Smash the Closet!

Smash the Closet! October 11, 2015
This was the day I came out, at Cafe Lafitte in Exile in New Orleans, Louisiana.
This was the day I came out, at Cafe Lafitte in Exile in New Orleans, Louisiana.

It took me ten years to come out. Between the time I sat, crying, in an Italian restaurant at the age of 17, telling my family I thought I might be gay, and the night in New Orleans when I finally accepted myself as a gay man, a decade passed.

I think sometimes about all the things I missed in that decade. I missed having a boyfriend as an adolescent. The exploration of sex and romance which most teens go through while they’re in high school, I did in my late 20s. I missed fully embracing my emerging sexuality at precisely the time many would have considered me most attractive – my twink phase was over before I even got to enjoy it. I missed being an active and open participant in the struggle for LGBTQ acceptance at my high school and university because, trapped in the closet, I could only be an “ally”. I missed the opportunity to know myself as a gay teen – I would have been a great gay kid, a little firecracker of activism and positivity, and I never got to see that.
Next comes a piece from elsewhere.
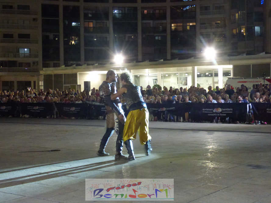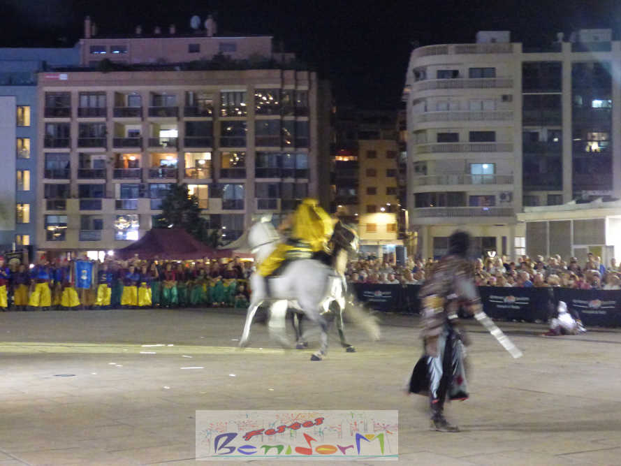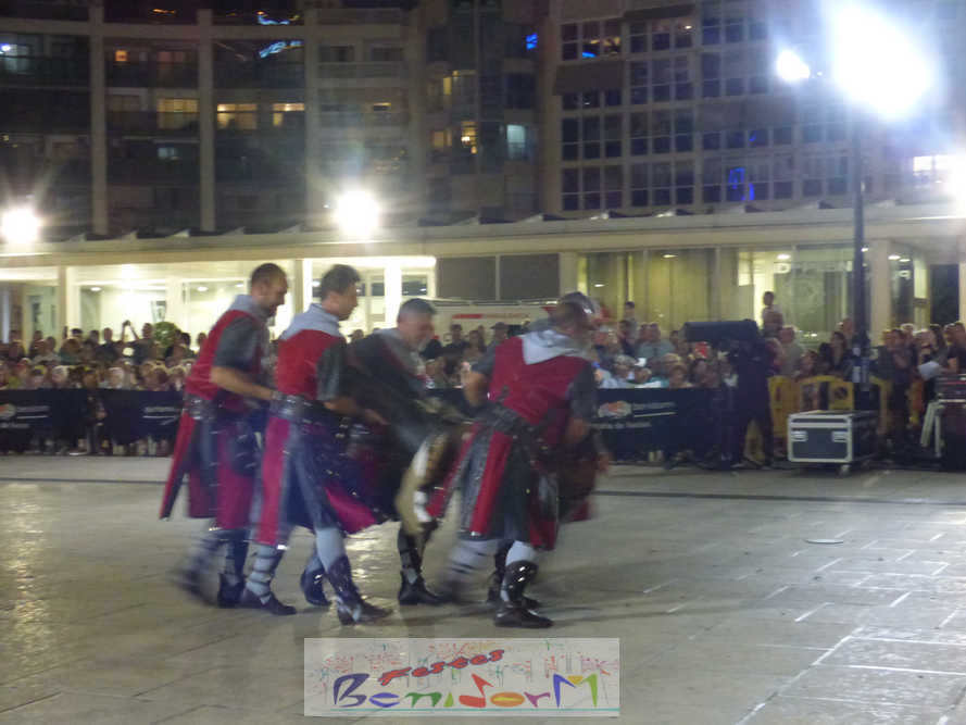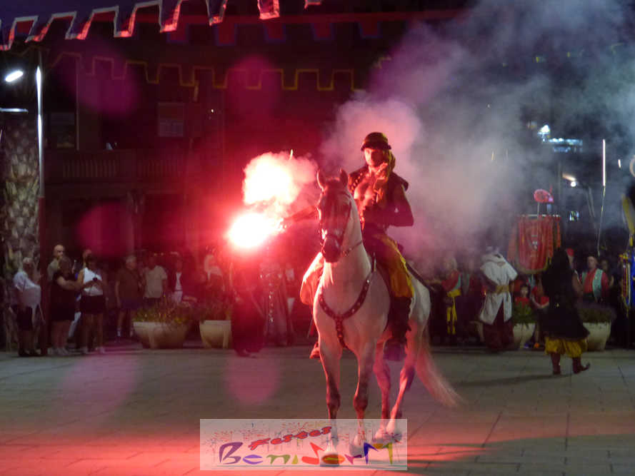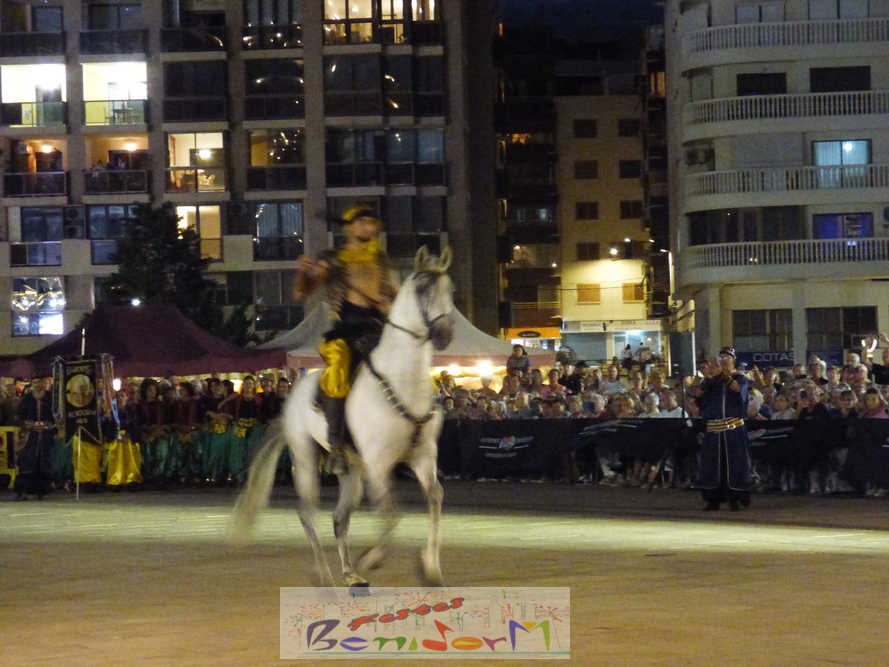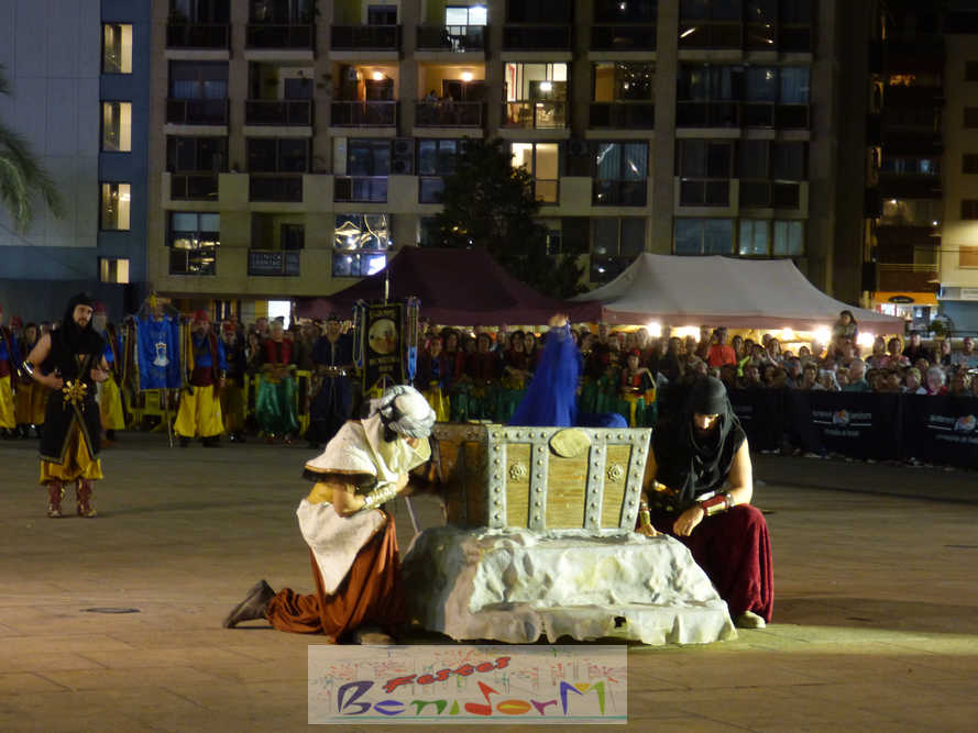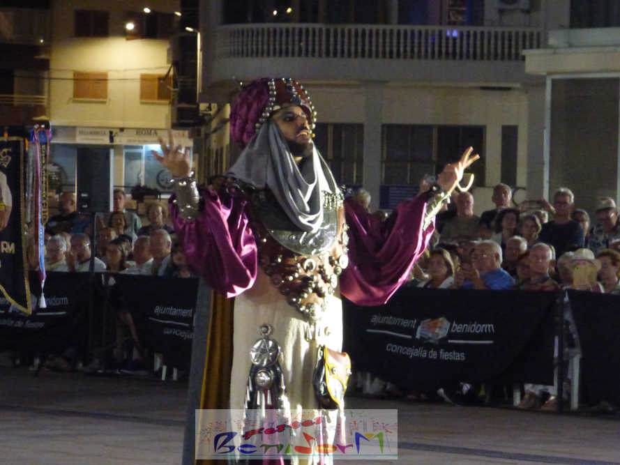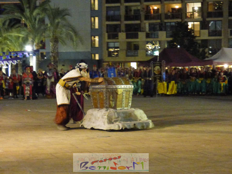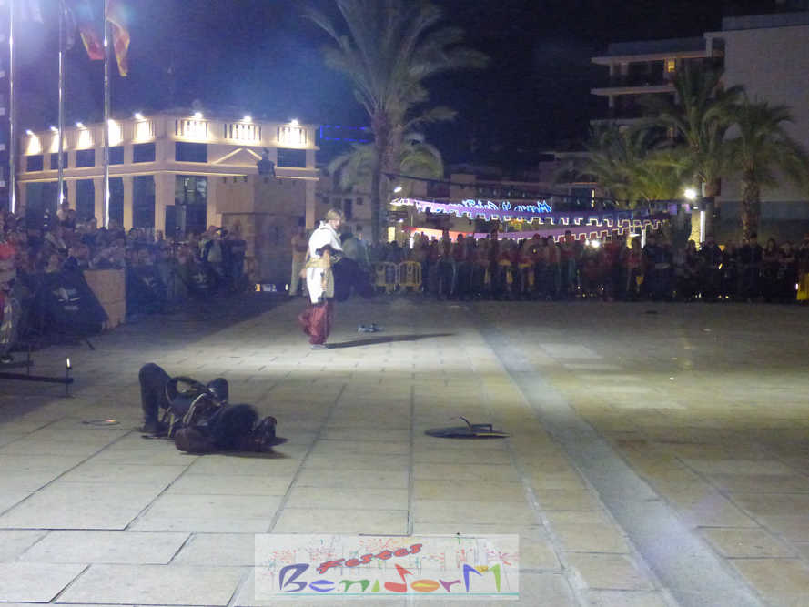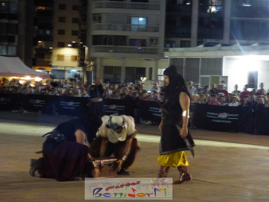 El acto, organizado por la Asociación de Moros y Cristianos, comenzó con la concentración de las tropas cristianas en su campamento, al que llegaron las huestes moras tras desembarcar. Ambos bandos parlamentaron entre ofrendas y juegos medievales. Al no llegar a un acuerdo amistoso, el acto finalizó con la ‘Invasión Mora de la Villa de Benidorm’, tras la cual tuvo lugar una cena festera con la participación de todas las ‘filaes’: Benidarhims, Nazaries, Tuareg y Musulmanes Tagarinos por el bando moro; Cruzados y Cavallers de la Baronia, por el cristiano.

I regret that. I mourn the little gay kid I could have been, who I never got to know.

But my ten years in the closet are part of my story now. They are part of what made me who I am. Although sometimes I wonder about the escapades an out, proud, 19 year old me would have got into on the campus of Cambridge University (I went to a college colloquially known as “Homotown”, for god’s sake!), I know that it’s easy to imagine that the past would be amazing without realizing it could have been atrocious. Coming out as an adult has its advantages: at 27 I had the financial means, knowledge, and just enough wisdom to make it a completely joyous experience. The stories many of my friends tell, of teenage years destroyed by bullying, or spending their early years in the LGBTQ community running a gauntlet of people wanting to take advantage of them, remind me that sometimes coming out early isn’t all roses. There are challenges whatever route you take, and while I have regrets, I don’t have many scars. My coming out, once I got around to it, was fun, a celebration of love and lust and community. I loved it.
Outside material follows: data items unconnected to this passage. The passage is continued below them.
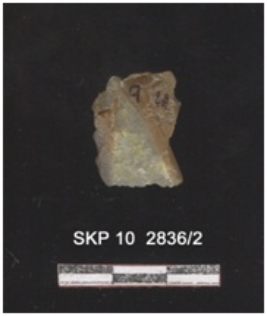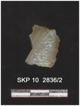| Description / विवरण | It is of quartz. The ridges can be clearly seen; the striking platform and the bulb percussion can be seen. The sides are retouched. |
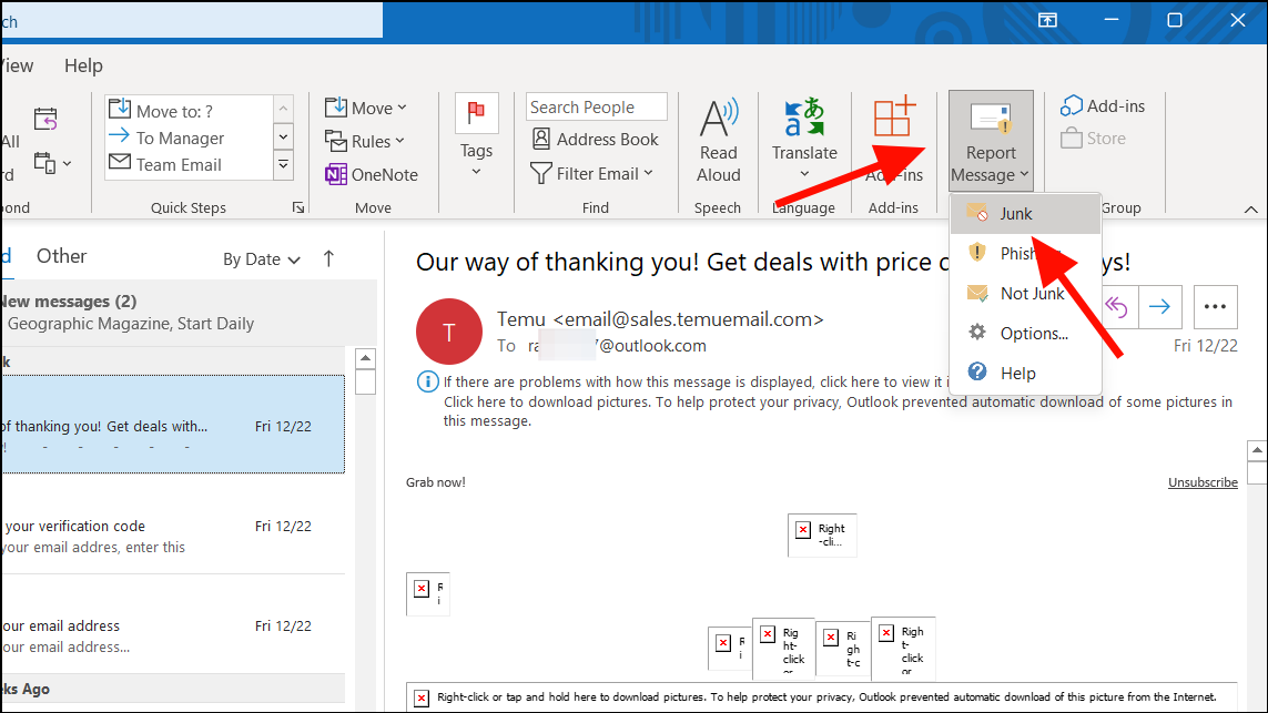 Outlook has a built-in feature that allows you to carefully block emails from specific senders, groups, domains, or even entire countries. It acts as a personalized spam filter, blocking unwanted messages from reaching your inbox. Temu spam may use a different email address each time but the domain name might remain the same like dkmarket125@temu.com, hkmarket652@temu.com.
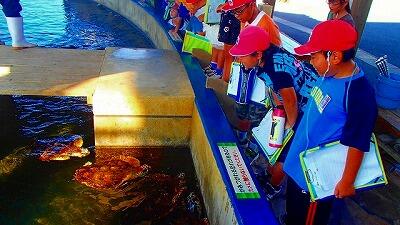 施設の中に入って、アカムミガメのプールのところや、タッチプールで、海の生き物に触れていました。タッチプールでは実際に魚や生き物に触れて、いろいろと感激していました。
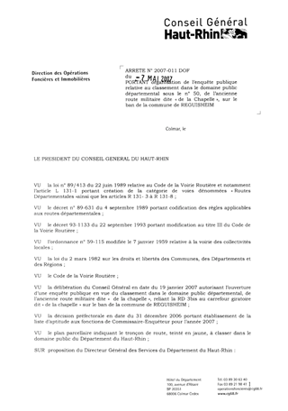 portant organisation de l'enquête publique relative au classement dans le domaine public départemental sous le n° 50, de l'ancienne route militaire dite "de la Chapelle", sur le ban de la commune de REGUISHEIM. Resumé Pièces jointes ARRETE Assemblée : Non défini Date : 07/05/2007 Rapporteur : Non défini Collectivité : Conseil départemental du Haut-Rhin Direction : Non défini Service : Service du Patrimoine et du droit des Sols Domaine : Déclassement de voirie Commission :

That’s partly why I encourage others to come out. Coming out is a powerful political act, to be sure – I believe, as did Harvey Milk, that coming out is a political responsibility. It’s a responsibility which may clash with others, including responsibilities to ourselves – we may have many good reasons for choosing not to come out – but it is a responsibility nonetheless. When we choose not to come out, as I did, we are choosing not to exercise a power which can change the lives of others, and the world, for the better. But more than this, coming out can be a powerful act of self-love which can radically alter our psychology. I cannot stress what an enormous emotional burden was lifted from me once I accepted myself, and started to tell people I am gay. I felt like it unlocked reserves of mental energy I never knew I had, and for two years after coming out I was as happy as I’ve ever been.
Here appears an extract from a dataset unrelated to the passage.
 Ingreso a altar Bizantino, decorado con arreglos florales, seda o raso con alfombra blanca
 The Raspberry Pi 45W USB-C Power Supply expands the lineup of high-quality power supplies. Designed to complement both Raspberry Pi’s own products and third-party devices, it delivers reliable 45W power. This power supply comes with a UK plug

One of the greatest joys of my life has been to hear, more than once, that my speaking and activism has encouraged young people to come out to their friends and families. Whenever I hear that, I cry. Coming out is a beautiful act, a powerful expression of love for yourself and for humanity. By coming out, each of us makes it just a little bit easier for other people to be who they want to be. By confronting our fears, we help others face down theirs. The idea of “coming out” is a gift from the queer community to the world, an encouragement to everybody, queer or not, to root out shame and self-disgust, and find peace with who we are.

So, whatever closet you’re living in, I encourage you to come out today. Be yourself. Be happy with yourself. Smash the closet doors. Come out.